Foreign ministry spokesman Arrmanatha Nasir said he hoped the prime minister's remarks did not reflect "the true colours of Australians".

"What I know is this: threats are not part of diplomatic language and from what I know no one responds well to threats," Nasir told reporters in response to Abbott's tsunami aid remarks.

Indonesian authorities have confirmed the Australians will be among the next set of prisoners to face the firing squad, but have remained tight-lipped about when the executions will take place and which other foreign convicts will join them.

On Tuesday Chan and Sukumaran were given a glimmer of hope when their transfer to the prison where they are due to be shot was postponed. The Indonesian attorney-general's office said the transfer would not go ahead this week.

The delay was in response to Canberra's appeal for more time for the families to be with their loved ones, and logistical difficulties involving capacity at the Nusakambangan island jail.

- 'Make displeasure known' -Despite this, Indonesia insisted the execution of the Australians -- who are on death row along with citizens from France, Ghana, Brazil and Nigeria -- would go ahead, having lost their appeals for presidential clemency.

"We will be making our displeasure known. We will be letting Indonesia know in absolutely unambiguous terms that we feel grievously let down," Abbott said when asked what would happen if the executions went ahead.

"I don't want to prejudice the best possible relations with a very important friend and neighbor. 

"But I've got to say that we can't just ignore this kind of thing -- if the perfectly reasonable representations that we are making to Indonesia are ignored by them."

Relations have been on an even keel in recent months, recovering from a damaging rift in 2014 over spying revelations and people-smuggling.

Legal and diplomatic efforts to save the Australians have escalated in recent weeks, with every surviving former prime minister of Australia urging Jakarta to spare their lives.
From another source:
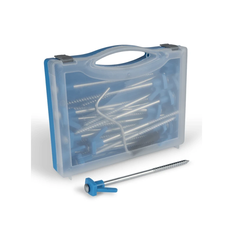 Equipement outdoor pour campeurs et caravaniers, ce lot de 20 piquets acier est idéal pour pouvoir planter sans effort et tendre les cordes de votre tente ou encore votre auvent.
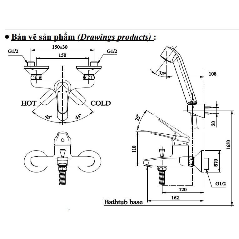 - Chất liệu: Đồng mạ Crom

On Tuesday Indonesian Foreign Minister Retno Marsudi noted their pleas but insisted "this issue is purely a law enforcement issue".

However, her Australian counterpart Julie Bishop disagreed.

"Indonesia itself makes representations to other governments to stay executions of their nationals who find themselves on death row in countries overseas," she told ABC radio.

"I know that the foreign minister is part of making those representations, so when Indonesia does it, it is indeed a foreign policy matter because it involves the foreign minister."

Lawyers for Chan and Sukumaran have a court date next Tuesday to examine a last-ditch claim that Widodo did not follow the rules in rejecting their clemency bids.